En parallèle, le ministère français des Transports a demandé une investigation technique afin d’analyser ces comportements et d’établir s’il existe une défaillance commune au sein de certains systèmes d’assistance à la conduite. L’enjeu dépasse la simple anecdote: si un déclenchement intempestif est reproductible, il concerne directement la sécurité routière, y compris celle des usagers les plus vulnérables.
Pourquoi le risque est amplifié pour les deux-roues
Pour un motard, le danger est double. D’abord, la surprise: un freinage automatique injustifié intervient sans signal prévisible (pas de bouchon, pas de feu, pas d’obstacle). Ensuite, la cinématique: si la voiture passe d’une vitesse stable à une décélération très forte, la distance de sécurité « normale » en circulation peut ne plus suffire.
La source insiste sur un point souvent sous-estimé: la différence de protection entre automobilistes et motards. En cas de choc arrière, la voiture dispose d’éléments structurels et d’équipements de retenue. Sur une moto, l’exposition est maximale, et l’impact peut projeter le pilote, ou le coincer entre véhicules selon la situation. C’est précisément ce déséquilibre qui rend le « freinage fantôme » particulièrement préoccupant pour la communauté moto.

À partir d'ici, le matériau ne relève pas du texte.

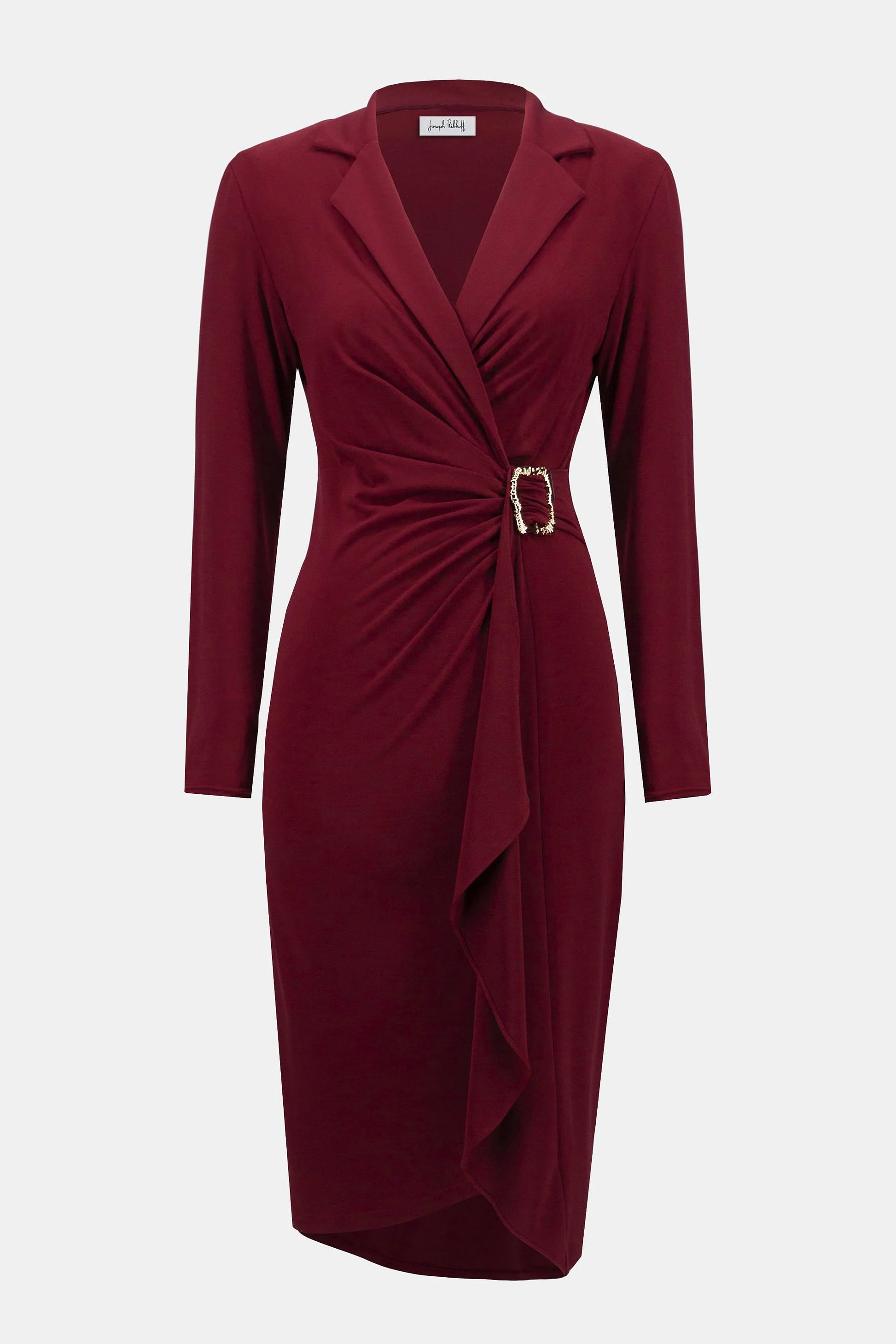 Deze jurk van mosgroen crêpetricot belichaamt eigentijdse glamour. De wikkelhals met inkeping past perfect bij het kokermodel en voegt een elegante, getailleerde look toe. De drapering aan de zijkanten en het gepolijste gespdetail zorgen voor een vleugje dramatische flair.

Conduite défensive: les recommandations qui reviennent chez les spécialistes
Face à ce risque, des spécialistes de la sécurité routière rappellent que les motards ont intérêt à conserver une conduite très défensive. L’idée n’est pas de diaboliser la technologie, car l’AEB et les aides à la conduite continuent d’éviter de nombreux accidents. Le message est plutôt le suivant: quand ces systèmes se trompent, l’erreur peut avoir des conséquences disproportionnées pour les usagers à deux roues.

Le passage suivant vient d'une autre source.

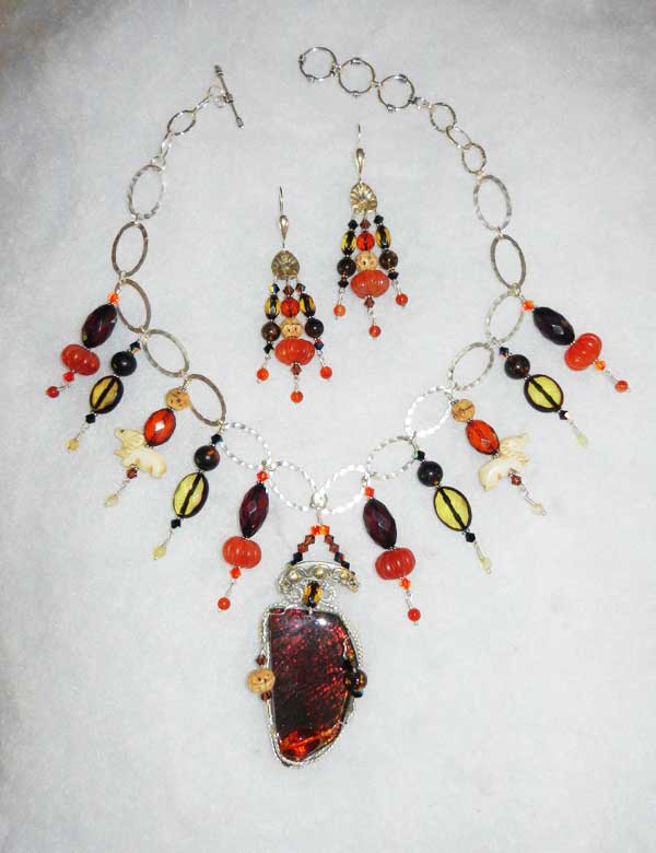 Volcano Necklace Components: ammolite, carnelian, amber, bone, Silver Art Clay, sterling, crystals, gold paint CURRENTLY UNAVAILABLE Earring Components: carnelian, amber, bone, Silver Art Clay, sterling, crystals, gold paint CURRENTLY UNAVAILABLE

Concrètement, la recommandation mise en avant consiste à maintenir une distance de sécurité plus importante derrière les véhicules susceptibles d’être équipés d’assistants électroniques, et à anticiper des comportements inattendus. Ce conseil peut sembler évident, mais il prend un relief particulier quand la décélération ne répond à aucune logique de circulation.
Le phénomène rappelle aussi une réalité de terrain: sur autoroute et voies rapides, la vigilance du motard ne se limite pas aux angles morts et aux changements de file, elle doit aussi intégrer des événements « non humains », déclenchés par des systèmes automatisés. Une situation qui, si elle se confirme à grande échelle, pose une question de cohabitation entre l’évolution technologique de l’automobile et la vulnérabilité structurelle des deux-roues.

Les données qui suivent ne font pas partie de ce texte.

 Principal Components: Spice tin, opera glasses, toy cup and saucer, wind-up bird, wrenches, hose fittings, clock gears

Un débat qui dépasse la panne: confiance, responsabilité, et sécurité collective
Le freinage automatique d’urgence reste une avancée majeure, et l’article rappelle qu’il a déjà empêché un grand nombre d’accidents. Mais les « freinages fantômes » mettent en lumière un angle mort: une assistance conçue pour éviter une collision peut, si elle se déclenche à tort, créer un risque de collision par l’arrière, notamment pour un motard.
En France, l’ouverture d’une enquête officielle et la multiplication des plaintes montrent que le sujet n’est plus cantonné aux forums ou aux anecdotes isolées. Il s’agit d’un dossier de sécurité routière à part entière, avec des implications concrètes pour les conducteurs, les constructeurs et les autorités. Pour les motards, le signal est clair: sur une route où certaines voitures peuvent freiner sans raison apparente, la distance et l’anticipation redeviennent des outils de survie.